Only the revolver gets the hot soapy water treatment. The rest get cleaned with patches soaked in a mix of windshild washer fluid and Dawn dishwasher detergent (2 oz. Dawn per quart of ww fluid.)

On my list of things-to-get is a Remington bp revolver, of a model I can never remember … 1858 or 75? Similar to the type I associate with Jesse James, but with more brass (one needn’t spend much time with me to realize I’m not a firearms historian). And a Hawken. And a long barreled Kentucky type.

Anyway, I’d love to get into black powder.
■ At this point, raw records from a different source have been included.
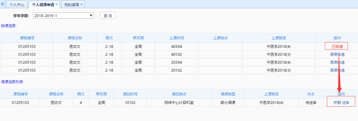 第六步:保存完成后要送审,在下方的调课信息列表中就有调课申请信息,点击“送审”,送给刘红经理审核,完成调课申请。
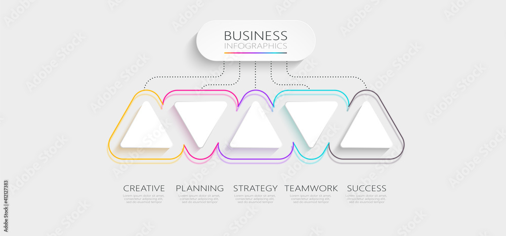 Modern Imitating Neon Thin Line Infographic Template with 5 Steps for ...
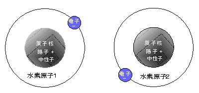 | 2つの原子の間に作用する力とポテンシャルエネルギー(位置によって変化するエネルギー)は,次のようになる。原子が引き合う力,引力は各電子は他方の陽子から引力を受けるにより生ずる。これに反し,反発する力,斥力(反力)は次の(1), (2)によって生ずる。 (1) 2個の電子の反発 (2) 原子核の陽子の総合反発 |
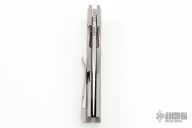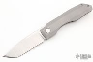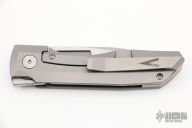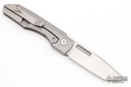 This Impulse Mini by Vero Engineering features a stone wash finished blade with notched thumbrest and flipper. The handle has a tumbled titanium frame with satin titanium hardware, matching tip up clip with hidden screws and backspacer. Nice detent, lockup and blade seating. Comes with a zippered case.  S/N 353.  Excellent Condition.
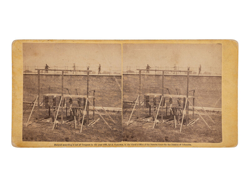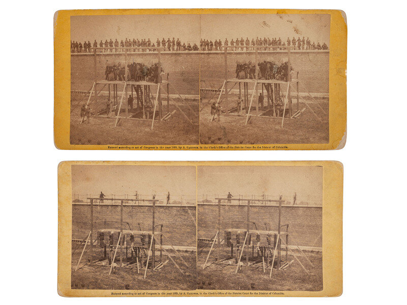 [LINCOLN ASSASSINATION]. GARDNER, Alexander (1821-1882), photographer. Pair of stereoviews of the Execution of the Conspirators. Washington: Philp & Solomons, ca 1865.
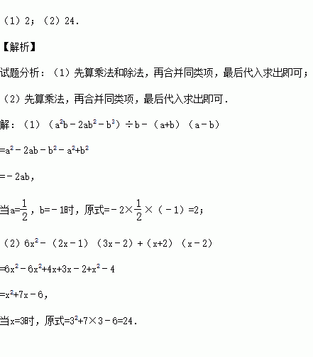 (2)6x2﹣(2x﹣1)(3x﹣2)+(x+2)(x﹣2),其中x=3.
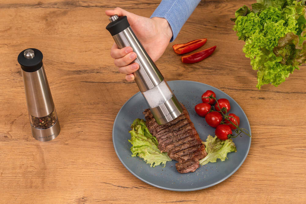 Zestaw młynków GÖTZE & JENSEN KA102 dostarczy Ci świeżo zmielonej soli i aromatycznego pieprzu bez żadnego wysiłku. Regulowana grubość mielenia pozwoli Ci szybko dopasować przyprawę do posiłku i swoich upodobań. Zastosowane w młynkach ceramiczne żarna nie nagrzewają się podczas pracy, a do tego są wytrzymałe i dokładne.

I don’t have the time or money to pursue my current interests, so I might as well add another, right?

Probably the Remington 1858 New Model Army. Here’s one in brass, but I’d recommend the steel frame.

Here is Lyman’s Great Plains Rifle, which is essentially a ‘Hawken’. Here is a Kentucky Rifle. Notice it is much longer than the Hawken, and is of a smaller caliber. I’m not an expert on Kentucky rifles, but IIRC people found that they lacked the ‘punch’ they needed for the larger Western game and the Hawken came about as sort of an up-caliber carbine version of the Kentucky long rifle.

It’s not that expensive. While I recommend Uberti, there are less-expensive brands out there. You may even want to pick up a brass-framed one (less durable, but cheaper) to play with. Dixie Gun Works has a steel-frame Colt 1851 Navy on sale now for $175. Ad $20 for a powder flask, plus a pound of FFFg black powder, a box of .36 balls, a tin of percussion caps, some Bore Butter (or Crisco), and an inexpensive cleaning kit, and you’re ready to go. All that including the gun should be less than $250. (Oh, I gave the price for the Navy because I like the Navy – Bill Hickock’s fave, doncha know – and because it uses less powder and less expensive balls than a .44 like the Remington.)

This thread took a nosedive. Since I am interested in more answers to Mr. L.A.'s questions, I’ll give it a bump.

I own a pair of Uberti’s Remington 1858 New Model Army pistols. Fun to shoot, when you don’t mind slow. Lots of smoke, easy to handle. Otherwise my procedure is just like Johnny’s.

I have one of the Pietta Remington 1858 New Army replicas, and the slower pace of shooting is what I think I like most about it.

Loading up a 9mm magazine and ripping off 10-15 shots can be kind of mindless.

Measuring out your powder, pressing your balls in and putting the caps on for your six shots and having to make them count is much more interesting to me.

I use Goex black powder rather than Pyrodex or Triple-7, mostly because the smoke and smell are a huge part of the fun.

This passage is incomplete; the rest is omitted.